President Paul Griffiths discusses work underway towards a detailed understanding of our membership:



Last year, I issued a blog asking the question as to whether we truly understand our people.
 
This issue is one that has continued to dominate much of my thinking around our association, and also the wider police workforce.

Whilst numbers and data are only a small part of the picture, we have progressed a major piece of work to start this process of better understanding. 
 
Earlier this year, we launched a new membership database, designed to help us access and understand our association’s data in an improved way. One of the parts of these processes was to reach out to our members and to ask them to provide personal information.
 
We did not underestimate the sensitivity with which these questions should be asked and how it would be received. We wanted to give members the confidence to share this with us, by helping them understand why we were asking.

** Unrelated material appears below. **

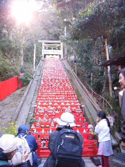 そして、ついにやって来ました、メイン会場の「遠見岬神社」。神社の石段が全てお雛さまです。全部で約1,200体あるそうです…。私は、これだけのお雛さまを見たのは生まれて始めてです…。 |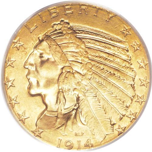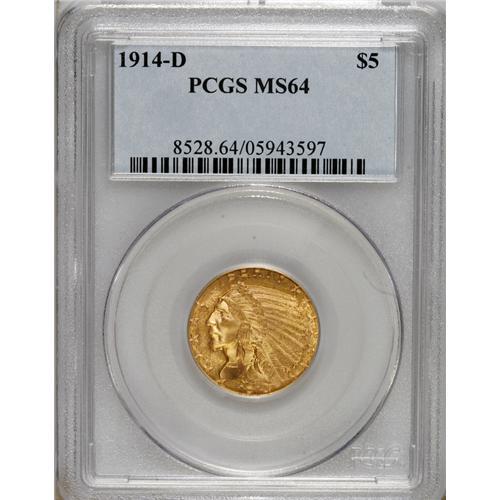 <B>1914-D $5 MS64 PCGS.</B></I> The shimmering khaki-gold fields and devices are generally smooth, and the Denver mintmark is well struck. Both major devices are also sharply defined, with the usual minor softness noted on the base of the headdress. A charming example of the final Denver Mint half eagle.<BR><BR><b>Shipping:</b> Coins & Currency (<a target="_blank" href="http://www.heritageauctions.com/common/shipping.php">view shipping information</a>)

Our Service has a national problem when it comes to understanding our people.  The quality and consistency of workforce data varies significantly across forces and many people have either never been asked about themselves, have not been asked the right questions or have never been asked them in the right way.
 
We wanted to change this.  So, we explained to our members why we were asking these personal questions, on matters such as their gender, their ethnic background, whether they consider themselves to be disabled, what their skills and qualifications were, and reassured them of the legitimacy for these questions.
 
We would never ask these questions simply to acquire data.  In fact, the rich information we have now gathered serves as a valuable picture of the incredible difference and diversity within our members, who are policing’s most senior operational leaders.
 
This data, which will be held securely and used in the most sensitive of ways, will now inform the important work we do to represent our members, to support their best interests, to provide welfare and wellbeing support and to influence positive change right across policing.

By asking these questions, and doing so in the right way, the ‘face’ of our membership as we know it has significantly changed. Two years ago, our figures showed that less than 1.5% of our members were disabled.  Now, figures show 5.5% of members consider themselves to have a disability.
 
Two years ago, just over 3% of our members told us they were part of the LGBT+ community, now over 6% have told us this. 
 
This is just the start of work that will help us provide tailored support to the officers we represent.
 
Numbers are a very small part of the picture. Each one of us is a wonderful mix of experience, personality and biology, that doesn’t fit into a ‘category’. Now, it’s important for us to build on this with conversation, discussion and real listening, so that we hear the matters affecting our people and build services that are truly reflective.